Problem details
Please return only the lines from the one holding "From cutting shelving" through the one holding "Manifatture diverse, lotto", exactly as they appear in the records below, both ends included.

Source information
______________________________
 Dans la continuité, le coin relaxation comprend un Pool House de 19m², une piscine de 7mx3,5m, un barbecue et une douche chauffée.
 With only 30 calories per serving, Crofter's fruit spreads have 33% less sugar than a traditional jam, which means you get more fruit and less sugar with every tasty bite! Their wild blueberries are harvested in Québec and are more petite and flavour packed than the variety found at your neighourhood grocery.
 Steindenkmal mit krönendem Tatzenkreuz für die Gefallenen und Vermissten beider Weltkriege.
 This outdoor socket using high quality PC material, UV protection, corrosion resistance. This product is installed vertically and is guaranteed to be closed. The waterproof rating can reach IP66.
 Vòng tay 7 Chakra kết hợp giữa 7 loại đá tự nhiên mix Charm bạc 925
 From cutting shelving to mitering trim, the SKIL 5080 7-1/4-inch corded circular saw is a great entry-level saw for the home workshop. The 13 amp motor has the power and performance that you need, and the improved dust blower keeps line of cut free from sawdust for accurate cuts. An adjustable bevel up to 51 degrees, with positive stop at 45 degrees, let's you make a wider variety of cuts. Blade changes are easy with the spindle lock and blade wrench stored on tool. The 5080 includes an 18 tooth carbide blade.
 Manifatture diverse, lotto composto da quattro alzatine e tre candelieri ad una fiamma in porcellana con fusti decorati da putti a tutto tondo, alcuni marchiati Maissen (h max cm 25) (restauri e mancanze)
______________________________
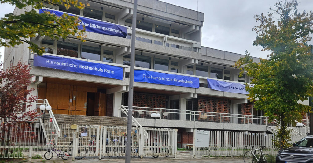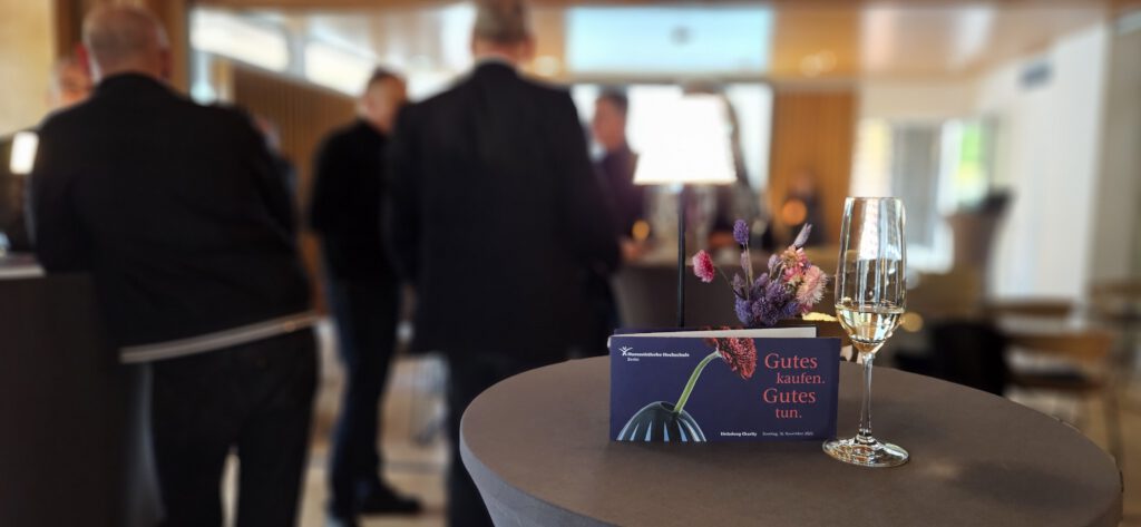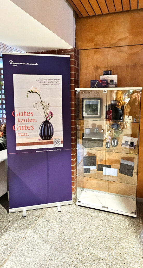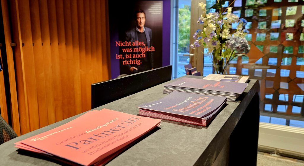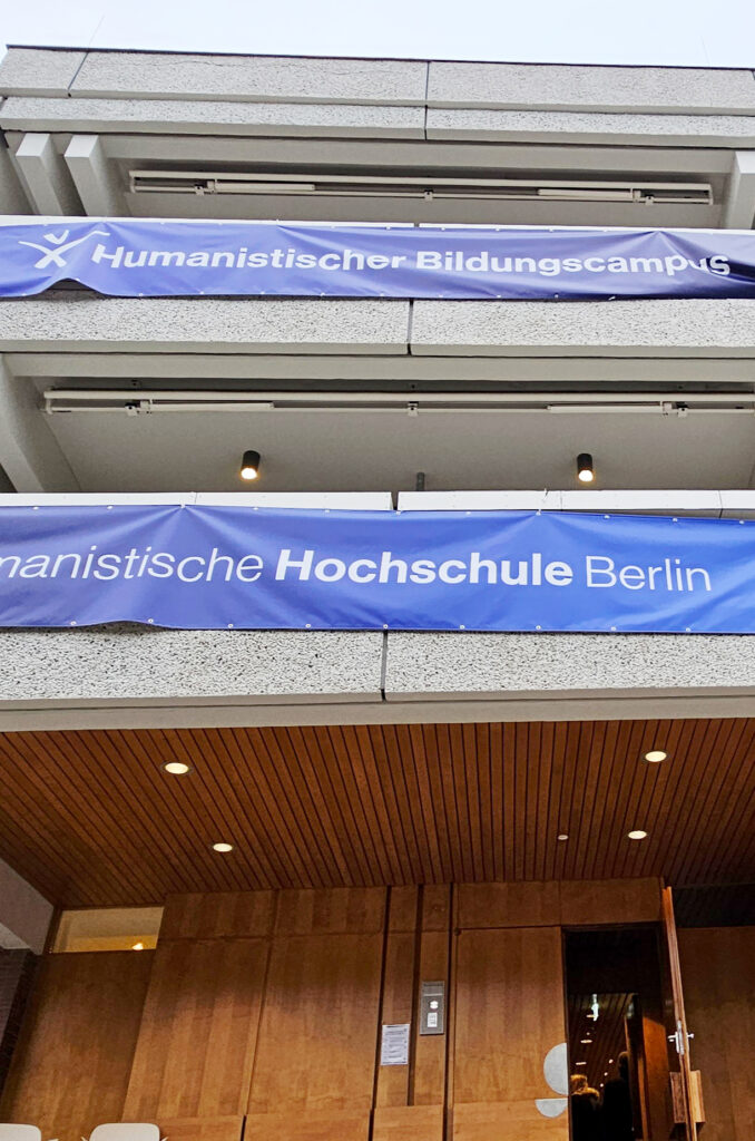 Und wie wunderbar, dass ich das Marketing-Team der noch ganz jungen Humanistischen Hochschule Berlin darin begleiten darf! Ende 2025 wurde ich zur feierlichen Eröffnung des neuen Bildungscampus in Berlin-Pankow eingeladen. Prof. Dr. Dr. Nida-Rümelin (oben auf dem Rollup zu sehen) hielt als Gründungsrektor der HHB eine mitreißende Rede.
______________________________
Response area
 From cutting shelving to mitering trim, the SKIL 5080 7-1/4-inch corded circular saw is a great entry-level saw for the home workshop. The 13 amp motor has the power and performance that you need, and the improved dust blower keeps line of cut free from sawdust for accurate cuts. An adjustable bevel up to 51 degrees, with positive stop at 45 degrees, let's you make a wider variety of cuts. Blade changes are easy with the spindle lock and blade wrench stored on tool. The 5080 includes an 18 tooth carbide blade.
 Manifatture diverse, lotto composto da quattro alzatine e tre candelieri ad una fiamma in porcellana con fusti decorati da putti a tutto tondo, alcuni marchiati Maissen (h max cm 25) (restauri e mancanze)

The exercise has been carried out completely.